Denouncing chauvinism in particular is like a liberal moral event horizon, a cardinal sin against their self-interested belief in the righteousness of the imperial hegemon that keeps the treats flowing at gunpoint.
Those premises are that a talking head or oped told them it was the responsible if unpleasant thing to do. You’re just describing layers of propaganda and contradiction-deflecting defense mechanisms: they know the costs of austerity and hegemony are wrong so they recoil from learning about the details and latch on to prevaricating bullshit from some propagandist to wear it as a shield. They want to believe that their team is good, and censor their consumption of information to stop that from being challenged.
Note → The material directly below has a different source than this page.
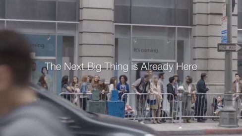 Ah, e sim, tem até um Galaxy S III no comercial. Todo mundo na fila olha, e fica interessado naquilo que a Samsung alega já ter tudo o que você precisa, assinando com: “A próxima grande coisa já está aqui”

Yes the way we form our beliefs and vocabularies is largely contingent on our experiences and sources, be they Thomas Kuhn, Michael Parenti, or Tucker Carlson.
That’s what these look like from the outside, but from the inside they look like, and for all intents and purposes, are, eminently reasonable and defensible justifications for thinking the things they think. In certain meaningful ways, we don’t even live on the same planet as them.
How do they know this? We know this, but I don’t think we can assign this knowledge to them. If we ask them this, their just as likely to say it’s regrettable, but on consideration, morally preferable to the alternatives.